_Material provided_:
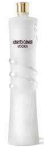
VODKA ROBERTO CAVALLI 1 L
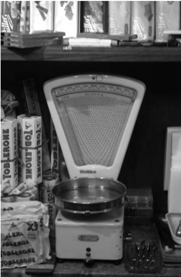
Dörfs es bitzeli meh si?
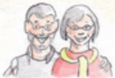
die Großeltern dziadkowie
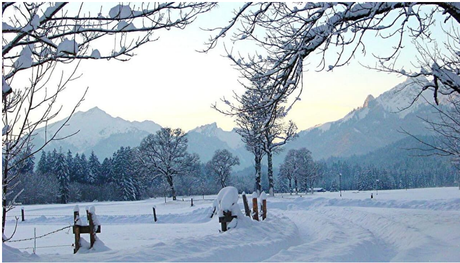
Winterwanderung Sonnenweg - Graswangtal

_Task goal_:
Would you reproduce the listing above in full and exactly, without its pictures?

_Result of the exercise_:
VODKA ROBERTO CAVALLI 1 L
Dörfs es bitzeli meh si?
die Großeltern dziadkowie
Winterwanderung Sonnenweg - Graswangtal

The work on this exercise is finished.